> **THE INPUT**:

---------------

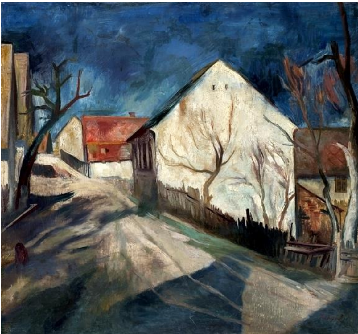
Zebegényi utcarészlet, 1930 körül

A gyerekek virágcsokrokkal kedveskedtek neki, ő pedig botanikára, idegen nyelvekre, a természet szeretetére és sportokra taníttatta őket. Számos örök élményt adó programot szervezett számukra, színelőadásokat, sportversenyeket, 1934-ben pedig a Virágolimpiát, ahova a legelőkelőbb hazai és külföldi személyek is ellátogattak. A ma már 80-90 éves egykori zebegényi gyerekek szeretettel őrzik az emlékét.
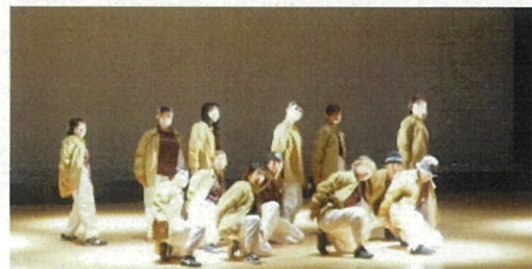
今年はチアダンスとバトンチームも参加！
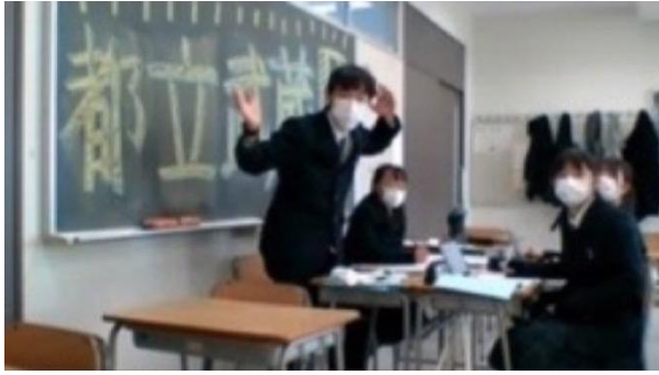
POI！（武蔵 VS 両国）
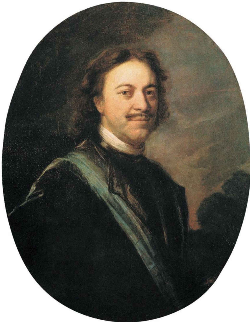
» Портрет Петра I Матвеев А.
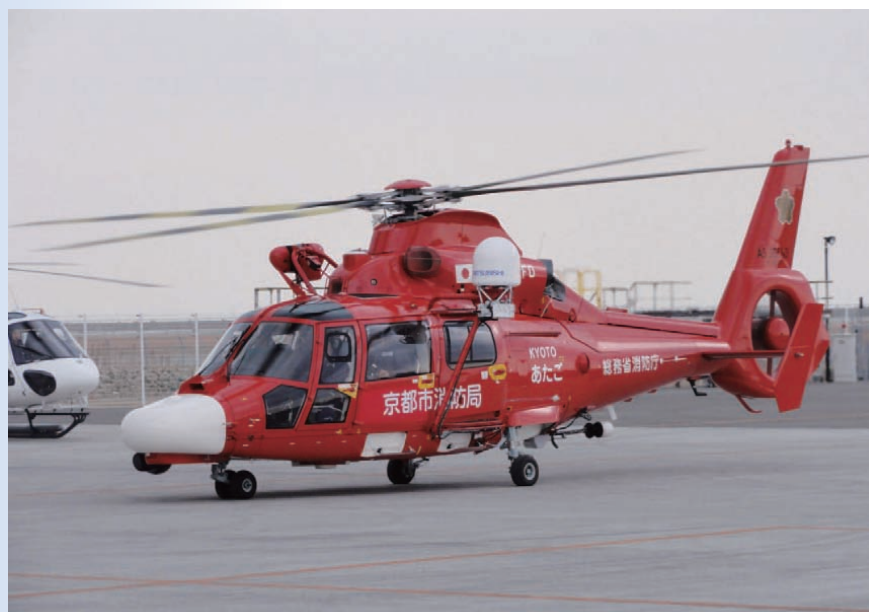
ヘリサットシステムを搭載した京都市消防局のヘリコプター（消防庁からの無償使用制度で配置しているヘリコプター）

消防庁が、緊急消防援助隊として無償使用制度で貸与及び貸与予定のヘリコプター（東京消防庁、埼玉県、宮城県、高知県（8月配備予定））に平成25年度内にヘリサットシステムを配備予定である。
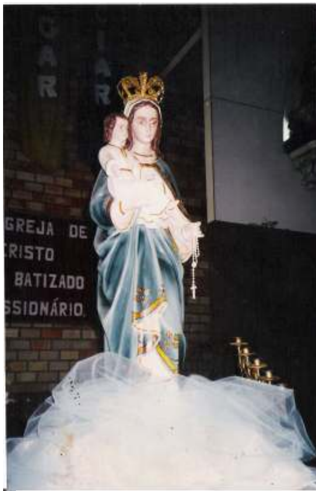
Fig 4 -Nossa Senhora do Rosário, na Catedral Nossa Senhora da Conceição, Osório – RS.

No caso específico do Maçambique, trata-se da devoção e do culto a Nossa Senhora do Rosário, por meio da Festa da Nossa Senhora do Rosário, e paralela a esta ocorre a Festa de Maçambique, ambas anualmente em Osório. Ocorre, também, a participação da congada na Festa de São Benedito, realizada no distrito de Aguapés, no mês de maio. De modo que ficam consagrados pelos negros, portanto, os dois dos muitos oragos de devoção católica negra: Nossa Senhora do Rosário e São Benedito.
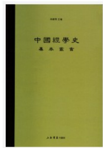
今古學考 作者: 廖平 撰
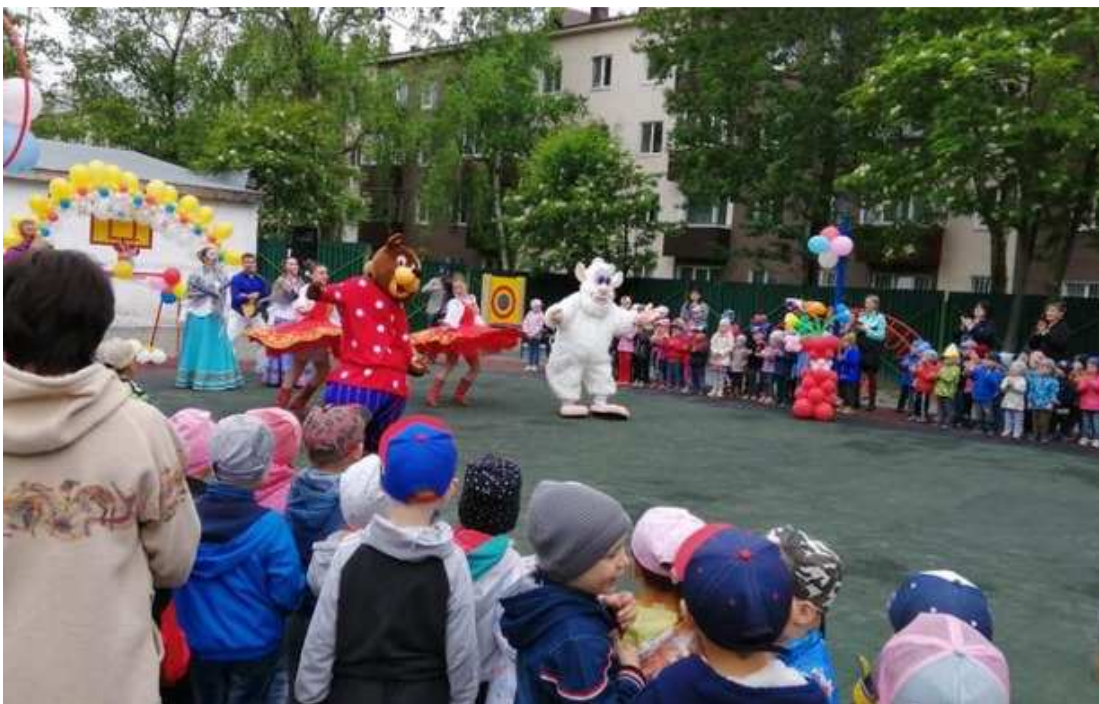
Детский сад «Черемушки»: помощь в проведении и организации праздника ко Дню защиты детей. ИЮНЬ 2019г.
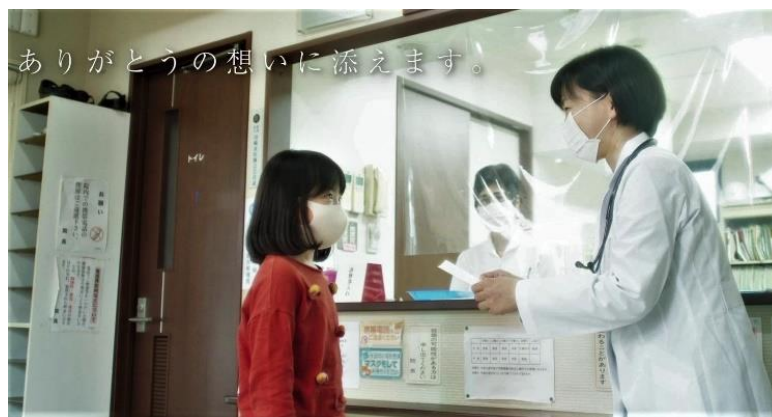
「感謝のポストカード『心のバトン』」プロモーションビデオより https://youtu.be/APCGDMDrADQ
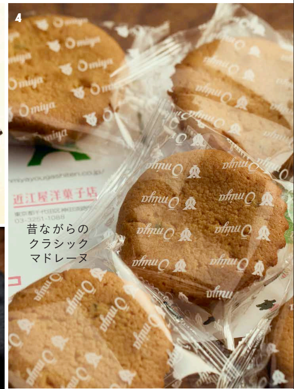
近江屋洋菓子店 昔ながらの クラシック マドレーヌ
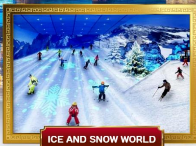
ICE AND SNOW WORLD
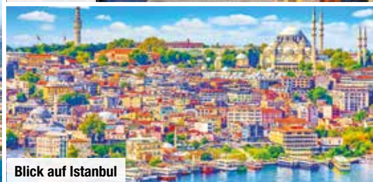
Blick auf Istanbul

---------------

> **GOAL OF THE EXERCISE**:
Please print the data above once more, exactly and without images.

> **OUTPUT FOR THIS TASK**:
Zebegényi utcarészlet, 1930 körül

A gyerekek virágcsokrokkal kedveskedtek neki, ő pedig botanikára, idegen nyelvekre, a természet szeretetére és sportokra taníttatta őket. Számos örök élményt adó programot szervezett számukra, színelőadásokat, sportversenyeket, 1934-ben pedig a Virágolimpiát, ahova a legelőkelőbb hazai és külföldi személyek is ellátogattak. A ma már 80-90 éves egykori zebegényi gyerekek szeretettel őrzik az emlékét.
今年はチアダンスとバトンチームも参加！
POI！（武蔵 VS 両国）
» Портрет Петра I Матвеев А.
ヘリサットシステムを搭載した京都市消防局のヘリコプター（消防庁からの無償使用制度で配置しているヘリコプター）

消防庁が、緊急消防援助隊として無償使用制度で貸与及び貸与予定のヘリコプター（東京消防庁、埼玉県、宮城県、高知県（8月配備予定））に平成25年度内にヘリサットシステムを配備予定である。
Fig 4 -Nossa Senhora do Rosário, na Catedral Nossa Senhora da Conceição, Osório – RS.

No caso específico do Maçambique, trata-se da devoção e do culto a Nossa Senhora do Rosário, por meio da Festa da Nossa Senhora do Rosário, e paralela a esta ocorre a Festa de Maçambique, ambas anualmente em Osório. Ocorre, também, a participação da congada na Festa de São Benedito, realizada no distrito de Aguapés, no mês de maio. De modo que ficam consagrados pelos negros, portanto, os dois dos muitos oragos de devoção católica negra: Nossa Senhora do Rosário e São Benedito.
今古學考 作者: 廖平 撰
Детский сад «Черемушки»: помощь в проведении и организации праздника ко Дню защиты детей. ИЮНЬ 2019г.
「感謝のポストカード『心のバトン』」プロモーションビデオより https://youtu.be/APCGDMDrADQ
近江屋洋菓子店 昔ながらの クラシック マドレーヌ
ICE AND SNOW WORLD
Blick auf Istanbul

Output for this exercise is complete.